Pretty sure I don't understand. The IEEE standard 8-byte format for double precision numbers enables the representation of very small numbers as a significand and exponent. If you can live with about 15 digits of precision, why not just use the double precision format? — scottb, Feb 07 '16 at 22:46
@scottb Because, as I mentioned in the question, rounding all of my results to 15 digit precision causes my graphs to flatline at that precision, so while the meaning of that data is functionally equivalent, the display looks horrible. — sage88, Feb 07 '16 at 22:48
If your graphs are "flatlining", it is more likely that there is a problem with the scaling of your graphs or unintended casting of your values to integral types. IEEE double precision numbers are as capable of representing very small numbers, to the limits of precision, as they are very large ones. In particular, there should be no advantage to separately storing significand and exponent separately in your database, as you've proposed, since that is how double precision numbers are represented internally. — scottb, Feb 07 '16 at 22:51
*"rounding all of my results to 15 digit precision causes my graphs to flatline"* ... just to clarify. What you described in your post was not rounding to 15 digits of precision. In fact, you lost a great deal of precision in the operation. More accurately, the result was truncated to 1 significant digit. — scottb, Feb 07 '16 at 22:59
Definitely agree with @scottb, what's the issue with using `double precision` aka `float`? Are you sure you're not rounding/truncating somewhere in the chain between Postgresql and the graphs? Of course if your numbers are actually more like `123.000000000000000000000456` than `0..000000000000000000000456` you'll have an issue, but that would be the case with other representations as well. — jcaron, Feb 07 '16 at 22:59
@scottb See the graph above where all numbers are smaller than 0.000000000000001. — sage88, Feb 07 '16 at 22:59
If you round everything to `0.000000000000001`, then obviously everything will be `0.000000000000001`. Why would you need to round the numbers? — jcaron, Feb 07 '16 at 23:01
@scottb I complete agree that this rounding approach is not a good one as accuracy is definitely lost (these numbers would be better represented as just 0.000000000000000. — sage88, Feb 07 '16 at 23:01
@jcaron because the double precision number type in postgres only allows 15 digits of decimal precision. — sage88, Feb 07 '16 at 23:02
@sage88: very large and very small numbers in IEEE floating point formats are not represented internally with leading or trailing zeros. The significand starts with the most significant digit and then includes up to 14 (or so) additional digits. The number would not be represented as 0.00000000000000001, but as 1.0E-18 (or whatever). — scottb, Feb 07 '16 at 23:02
@scottb alright I thought that was the case, my colleague explained this to me incorrectly then, I'm going to need to discuss this with him then. If what you're saying is correct then a real numeric type would work just as well? — sage88, Feb 07 '16 at 23:04
In a floating point number, 15 digits of precision does not mean 15 digits after the decimal point. It means you've got a total of 15 digits, but they may be after 200 zeroes. A `double precision` number will be able to store 0.12345678901234e-200 if needed! With the obvious limitations of floating point regarding accurate representation/rounding, of course. — jcaron, Feb 07 '16 at 23:04
@sage88: I think you should understand that in IEEE formats, numbers like 0.000000000000000000000000000000000000000123456 are stored without leading zeros as 1.23456E-40 (just as they would be displayed on a scientific calculator with the ability to display a maximum of 15 digits). — scottb, Feb 07 '16 at 23:06
jcaron and scottb thanks for the clarification. I'm going to have to get a better explanation for my colleague as to why he made this design decision. I really hate it, so this helped me understand even better why it was a terrible design. — sage88, Feb 07 '16 at 23:08
Note that that `numeric` aka `decimal` data types are very different from the `real`/`float`/`double precision` data types. Do not confuse them! — jcaron, Feb 07 '16 at 23:32

score 3 · Accepted Answer · answered Feb 07 '16 at 23:12

You and/or your colleague seem to be confused about what numbers can be represented using the floating point formats.
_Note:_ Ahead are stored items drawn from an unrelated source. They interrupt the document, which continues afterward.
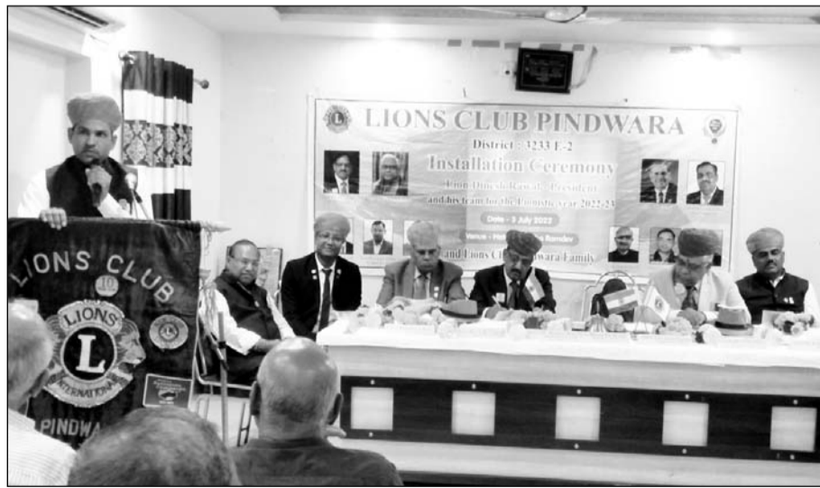
पिंडवाड़ा में लॉयंस क्लब के 37 वें शपथ समारोह का कार्यक्रम आयोजित हुआ।
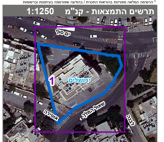
שנת צילום אוויר: 2019
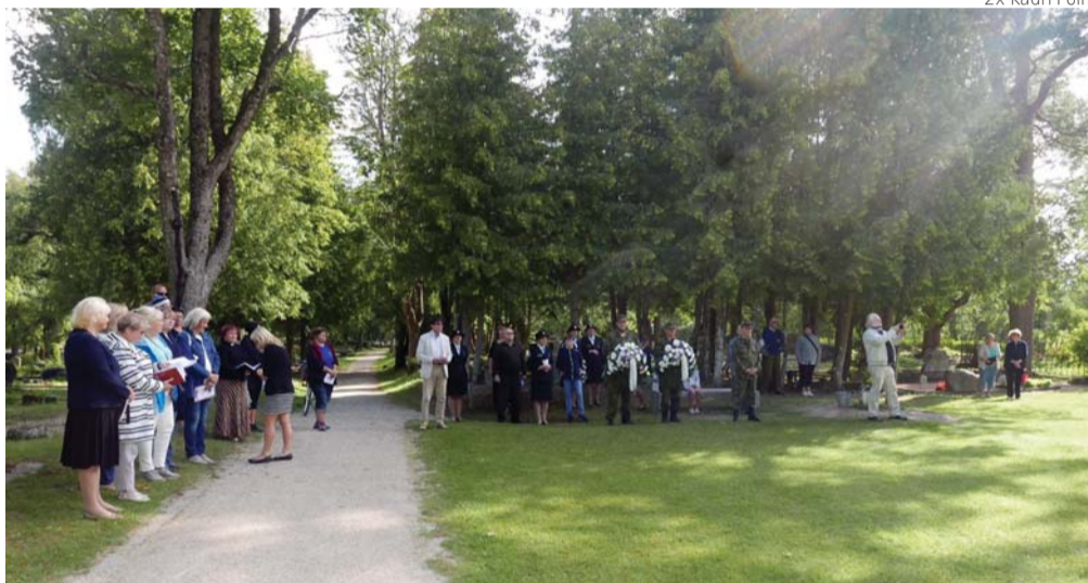
2x Kadri Põlm
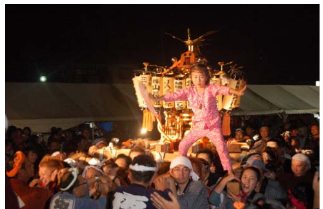
迫力の「みこし渡御」

《今年は新成人の皆さんから竹灯ろうライトアップや丸太早切選手権大会スタッフなどで、まつりを盛り上げていただきました》
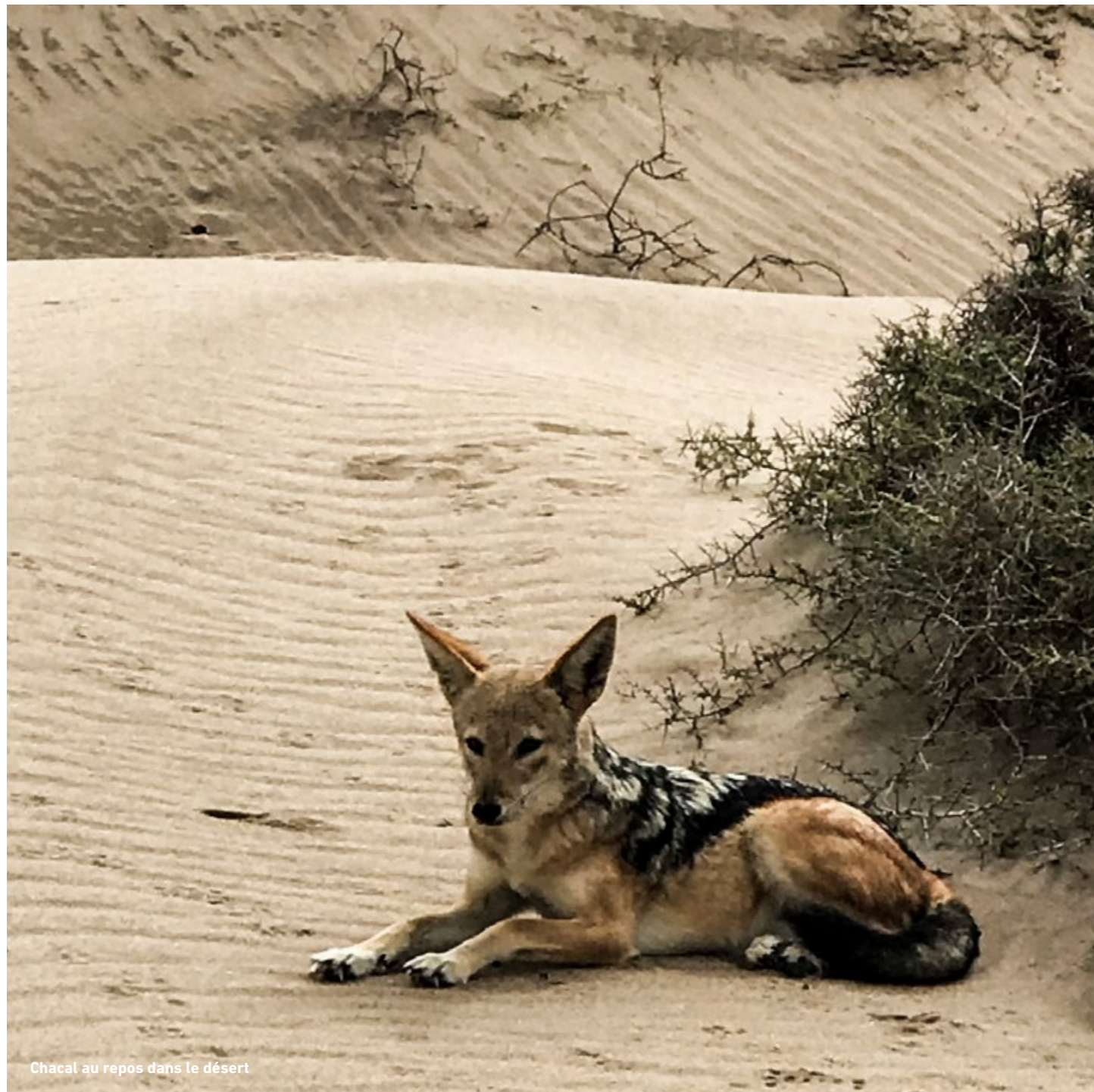
Chacal au repos dans le désert

“Aimez demain si vous savez l’amour; aimez demain si vous n’en savez rien.”

A double precision (aka float) number can store at least 15 significant digits, in the range from about 1e-307 to 1e+308. You have to think of it as scientific notation. Remove all the zeroes and move that to the exponent. If whatever you have once in scientific notation has less than 15 digits and an exponent between -307 and +308, it can be stored as is.

That means that 0.000000000000000000000000000000000000000123456 can definitely be stored as a double precision, and you'll keep all the significant digits (123456). No need to round that to 0.000000000000001 or anything like that.

Floating point numbers have well-known issue of exact representation of decimal numbers (as decimal numbers in base 10 do not necessarily map to decimal numbers in base 2), but that's probably not an issue for you (it's an issue if you need to be able to do exact comparisons on such numbers).

Thank you for the help. I will likely mark this as the correct answer. Since @scottb already had me headed down the correct path I'll give him a chance to answer first if he wants to and then pick the answer that gets at this the best. — sage88, Feb 07 '16 at 23:25
@sage88 so you don't need to save space nor have up to 32000 decimals, then ...? — Ilya, Feb 08 '16 at 08:12

Ilya · Answer 2 · 2016-02-08T08:10:16.460

What are the advantages and disadvantages of storing these numbers in two fields like this

You'll have to manage 2 columns instead of one.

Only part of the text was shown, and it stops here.